Weinberger and his staff worked hard to convince voters that supporting the bond was the right move for the city. He says it paid off.

"We went out and made our case to the city of Burlington that we need to do something about this and this is the best way to do it," Weinberger said. "I very much appreciate the support and confidence in people that they got behind this by more than 2-to-1."

With the public’s authorization, the city will sell the bond on the market in the next three months.

"We’re going to move as quickly as we can," Weinberger says. "The rate environment is great right now."

Like many American cities, Burlington is struggling to pay its bills. The city still has some serious issues: costs continue to rise faster than revenues; under-funded pensions loom over the city’s operating budget; a lawsuit with Burlington Telecom remains unresolved.

In June, Moody’s downgraded the city’s finances – again – to slightly above junk bond status.

But the credit rating agency will be in the city later this week to assess finances at Burlington International Airport. And Weinberger says he hopes the agency will recognize that there’s been a change in the city’s financial plan.
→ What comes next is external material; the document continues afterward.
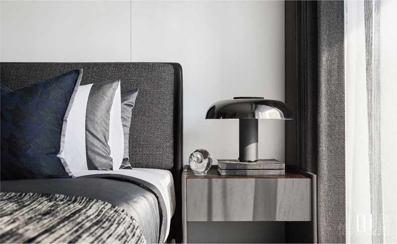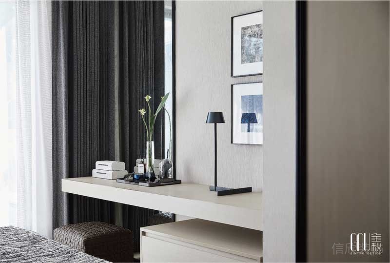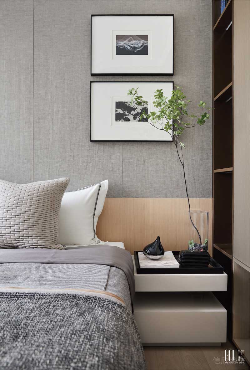 白色的素雅墻面,原木色的地板衣柜,以及灰色的布藝大床搭配,玻璃的衣柜更顯現代的設計理念,實木電視柜的設計,讓人推門進來,就能感受到奢華五星酒酒店客房的高端舒適。

On Election Day, voters across Vermont weighed in on a slew of local issues.

  • In Rutland, voters rejected a $5.5 million dollar water treatment plan to help the city meet new EPA drinking water standards.
  • Residents in Essex approved a bond to support a new police headquarters.
  • In Waterbury Village, voters decided to keep the village police department, even after the village merged its fire and public works departments with those of the town of Waterbury.
  • Burlington voters also approved Tuesday the legalization of pot. The non-binding question on the ballot asked city residents whether marijuana and hemp should be legalized, regulated and taxed.